I’m diablogging with a friend of mine who is an anti-Calvinist. 

In our discussions he keeps returning to (what I believe is the faulty) assumption that we Calvinists are so because we have read a Calvinistic document (Confession, Catechism, or works by Calvinistic Authors) and then subject Scripture to our predetermined hermeneutic. 

I would appreciate it if you would take a quick minute to write a short “testimony” of how you came to embrace the doctrines of grace on my blog comments at www.eqdj.wordpress.com.

Thank you


----------



## LawrenceU (Nov 6, 2008)

Well, it wasn't that way with me. I wasn't raised in a Calvinist setting at all. I came to that conclusion as a young adult when I put all the books on the shelf except for Scripture. John, Romans, and Ephesians nailed me to the floor.


----------



## panta dokimazete (Nov 6, 2008)

I didn't even know who John Calvin was when I became convinced by Scripture of God's monergistic work. It was only later that I understood the Doctrines of Grace to be synonymous with Calvinism.


----------



## pm (Nov 6, 2008)

Well, I was a Christian for 36 years, involved in Christian work, reading the Bible and studying doctrine before I started considering Reform Theology. It took several years of reading, studying before I fully embraced it and now consider myself a Calvinist, with much more to learn.


----------



## A5pointer (Nov 6, 2008)

Have him interpret Romans 9 and sit back and watch him do what he accuses you of doing. It is so clear there that his doctrinal predisposition will be obvious.


----------



## Spinningplates2 (Nov 6, 2008)

eqdj said:


> In our discussions he keeps returning to (what I believe is the faulty) assumption that we Calvinists are so because we have read a Calvinistic document (Confession, Catechism, or works by Calvinistic Authors) and then subject Scripture to our predetermined hermeneutic.
> here.
> 
> Thank you



In my case your friend is right. Simply check out my introduction post and you will see that I am not changing my story.
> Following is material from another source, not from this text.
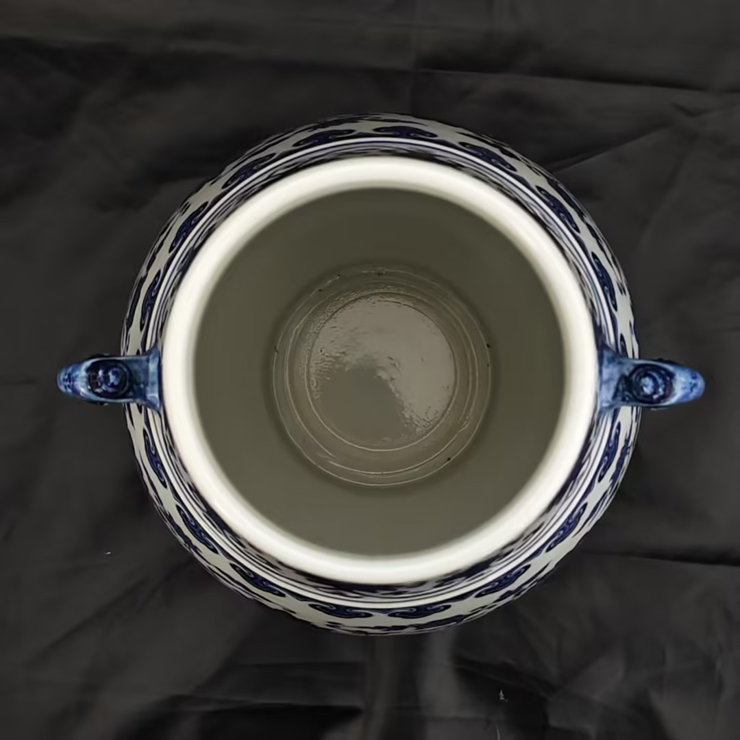 清乾隆青花牡丹连枝纹象耳樽

I came to Christ and then read a "Calvinistic document" called the New Testament. I accepted all the words such as , election, adopted and predestined at their face value. It was not until I went to Bible College that I was told those words don't mean what the Bible says they mean.

To continue to debate with a person who does not see the truth of the Bible as far as Grace in the Calvinistic understanding is concerned, is always another one of God's great mysteries. God may open his eyes or your words will be wasted in human terms. Still the truth remains the Truth and I will pray that God will bless your effort.


----------



## jwithnell (Nov 6, 2008)

I became convinced of God's sovereignty in salvation when I read Luther's _Bondage of the Will._ I wasn't convinced of doctrine so much as I was convinced that scripture teaches I lacked my own abilities apart from God's grace.


----------



## Semper Fidelis (Nov 6, 2008)

I would say that the reason why Pelagians or semi-Pelagians are still so is because the default state for men is to supress Truth in unrigteousness (Romans 1-3). It is often argued by Arminian proponents that their view is intuitive - that a default reading of the text leads to their doctrine. In other words, a lost sinner has the same view of God, His holiness, and their ability to please God apart from grace as they do. Well, no duh. That's because they're approaching the text with darkened minds. That self-professed Christians would even think to make the argument that an unaided reason would come to spiritual truth points to the poverty of their understanding with respect to the fallen state of man.


----------



## christiana (Nov 6, 2008)

I was near 70 when I read Acts 13:48 again, and thought, What? Wow!!! It went from there and was just a wonderful awakening to His grace!


----------